**The data:**
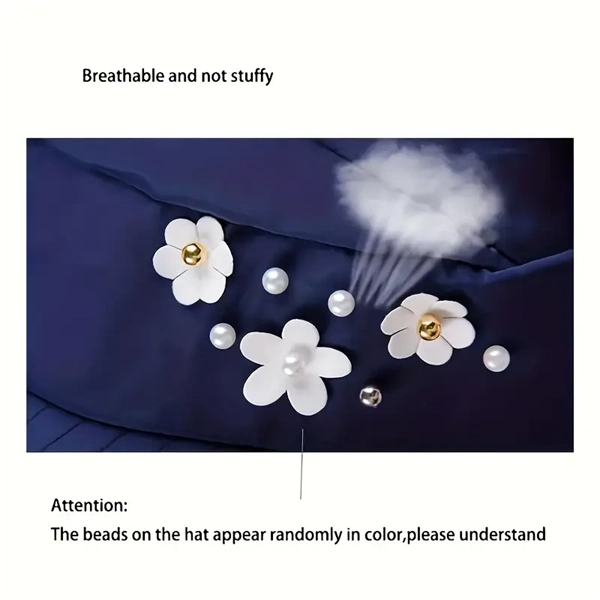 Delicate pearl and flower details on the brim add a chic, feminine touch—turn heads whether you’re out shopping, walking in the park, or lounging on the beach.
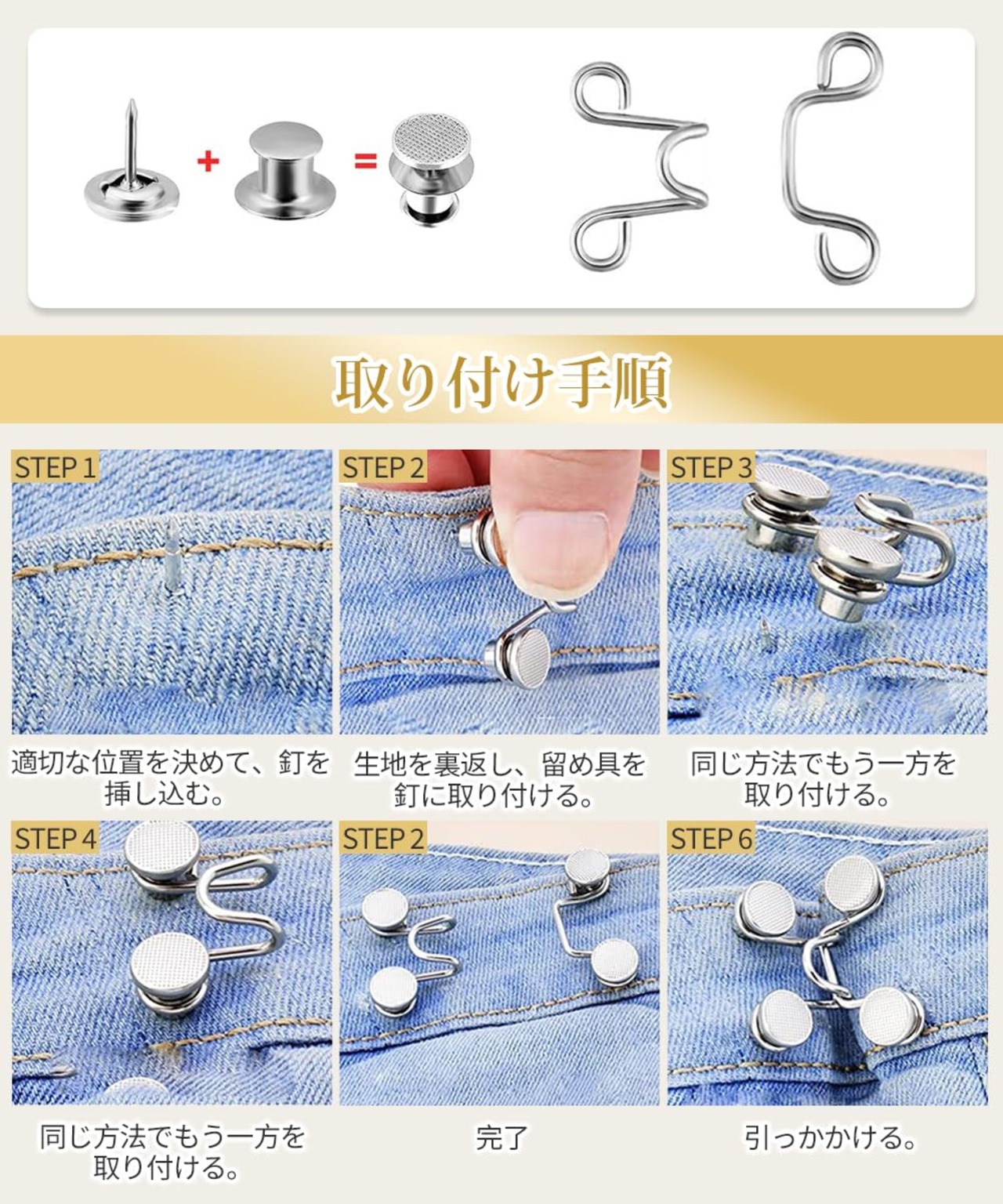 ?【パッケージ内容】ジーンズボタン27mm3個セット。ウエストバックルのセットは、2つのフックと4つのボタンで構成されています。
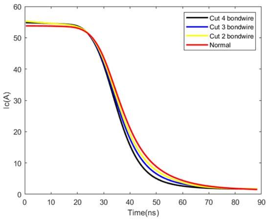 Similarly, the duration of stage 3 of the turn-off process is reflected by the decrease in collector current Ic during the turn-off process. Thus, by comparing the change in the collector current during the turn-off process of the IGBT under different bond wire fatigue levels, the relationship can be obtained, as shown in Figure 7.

...

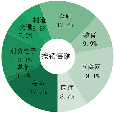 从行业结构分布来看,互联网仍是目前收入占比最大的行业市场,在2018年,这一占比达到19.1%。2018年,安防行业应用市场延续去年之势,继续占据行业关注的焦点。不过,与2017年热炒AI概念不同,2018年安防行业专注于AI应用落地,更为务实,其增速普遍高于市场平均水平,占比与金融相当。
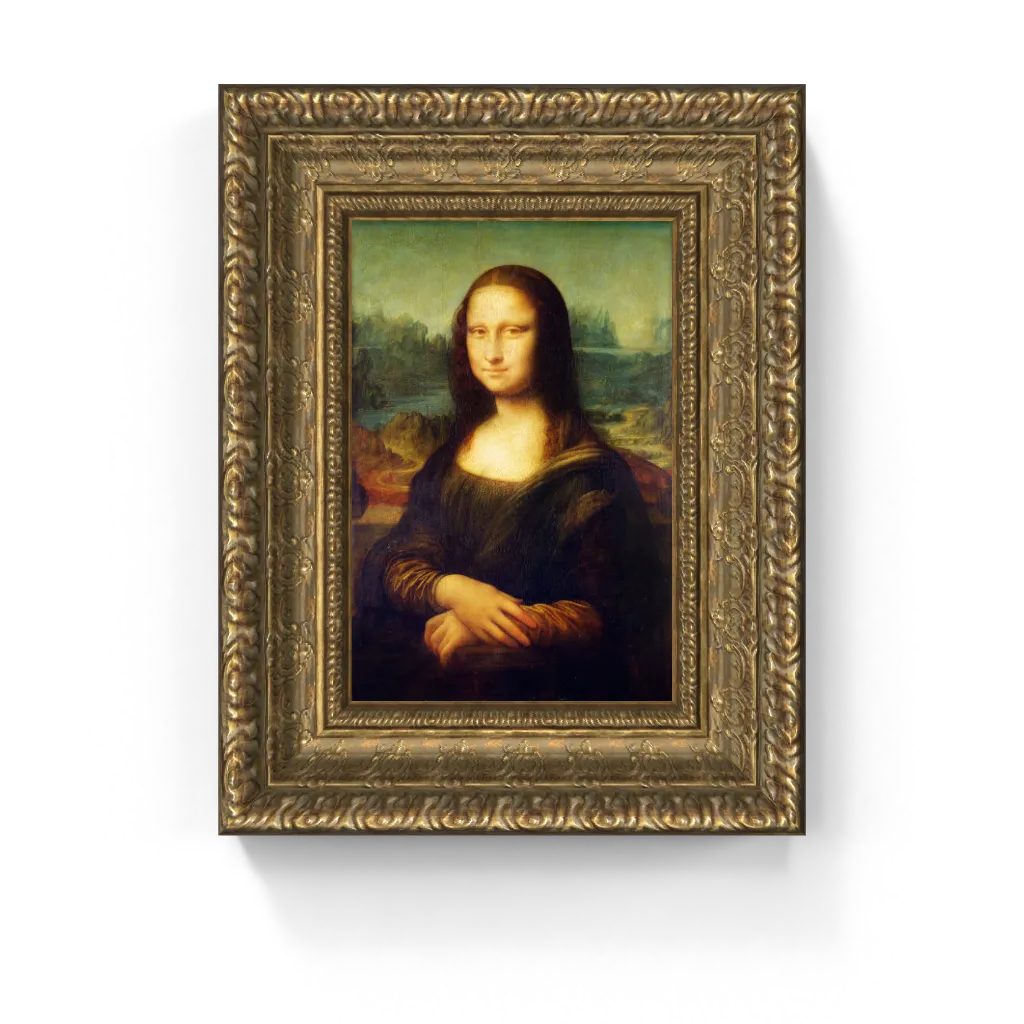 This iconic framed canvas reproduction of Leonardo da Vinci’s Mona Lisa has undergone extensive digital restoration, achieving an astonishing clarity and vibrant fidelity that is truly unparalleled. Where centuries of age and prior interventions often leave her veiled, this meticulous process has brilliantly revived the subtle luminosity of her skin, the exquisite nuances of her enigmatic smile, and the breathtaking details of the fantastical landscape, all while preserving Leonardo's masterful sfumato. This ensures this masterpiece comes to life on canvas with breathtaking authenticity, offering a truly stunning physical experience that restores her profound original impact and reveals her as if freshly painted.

* * *

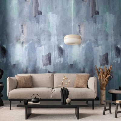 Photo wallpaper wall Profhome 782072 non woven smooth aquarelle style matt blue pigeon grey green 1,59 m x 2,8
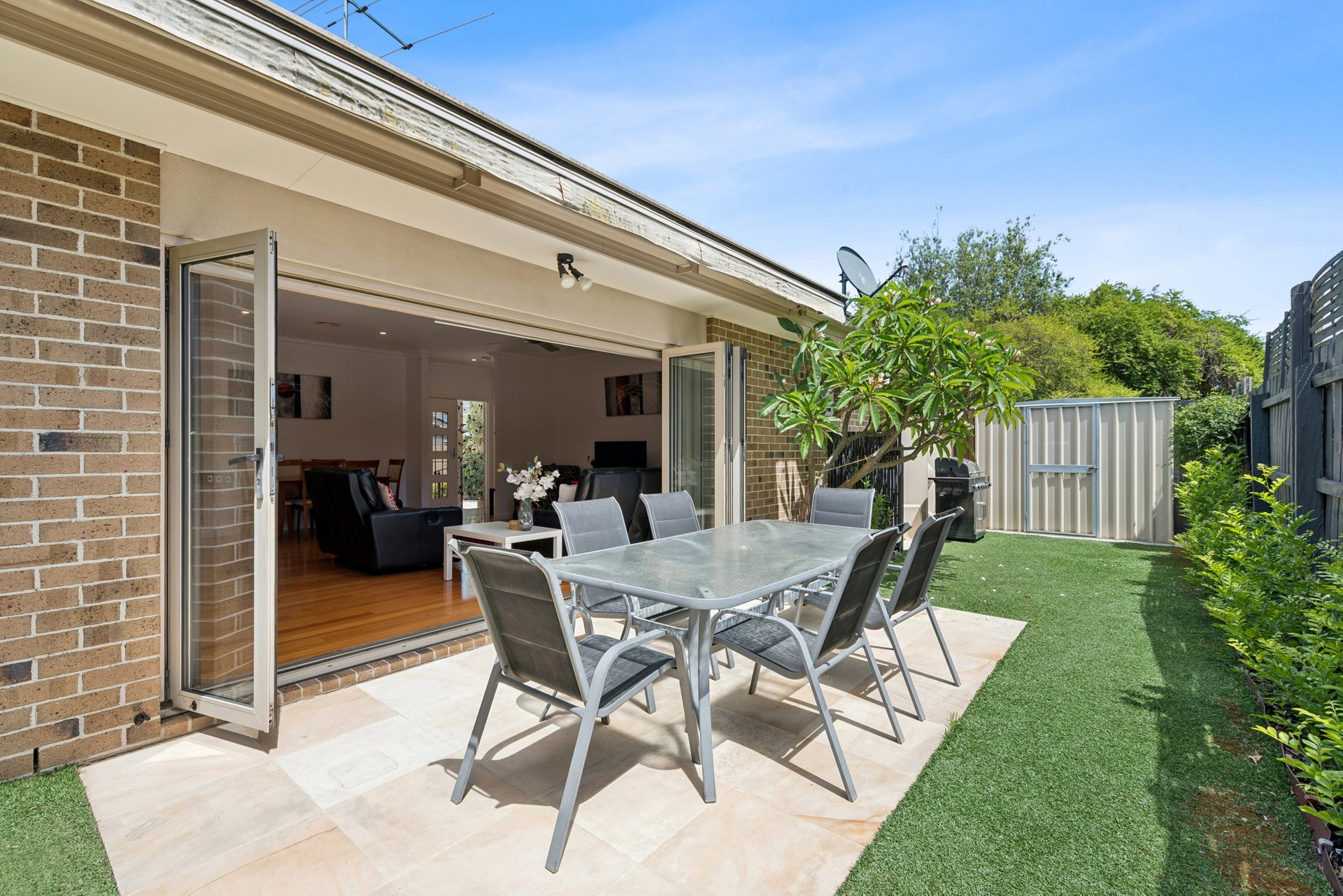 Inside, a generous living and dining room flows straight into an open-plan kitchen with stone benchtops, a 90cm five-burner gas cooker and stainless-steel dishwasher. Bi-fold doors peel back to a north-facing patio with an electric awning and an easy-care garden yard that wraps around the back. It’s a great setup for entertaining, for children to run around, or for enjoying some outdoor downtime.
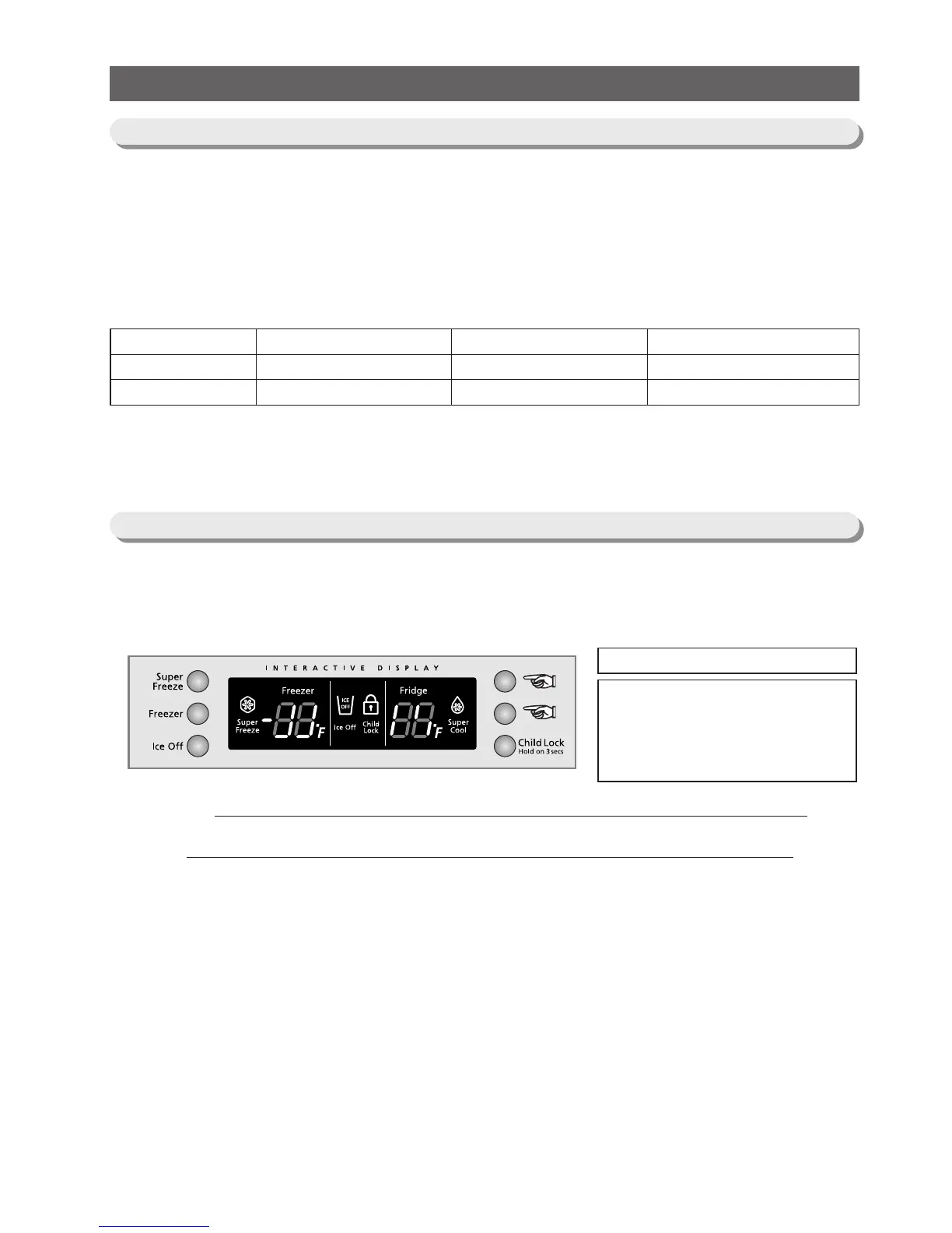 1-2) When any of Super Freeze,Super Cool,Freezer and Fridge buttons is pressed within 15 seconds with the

**Instructions to follow:** Using the records above, repeat exactly the run of lines that starts with the line with "Delicate pearl and" and goes on through the line with "Similarly, the duration"; omit each picture.

**Answer to this exercise:**
 Delicate pearl and flower details on the brim add a chic, feminine touch—turn heads whether you’re out shopping, walking in the park, or lounging on the beach.
 ?【パッケージ内容】ジーンズボタン27mm3個セット。ウエストバックルのセットは、2つのフックと4つのボタンで構成されています。
 Similarly, the duration of stage 3 of the turn-off process is reflected by the decrease in collector current Ic during the turn-off process. Thus, by comparing the change in the collector current during the turn-off process of the IGBT under different bond wire fatigue levels, the relationship can be obtained, as shown in Figure 7.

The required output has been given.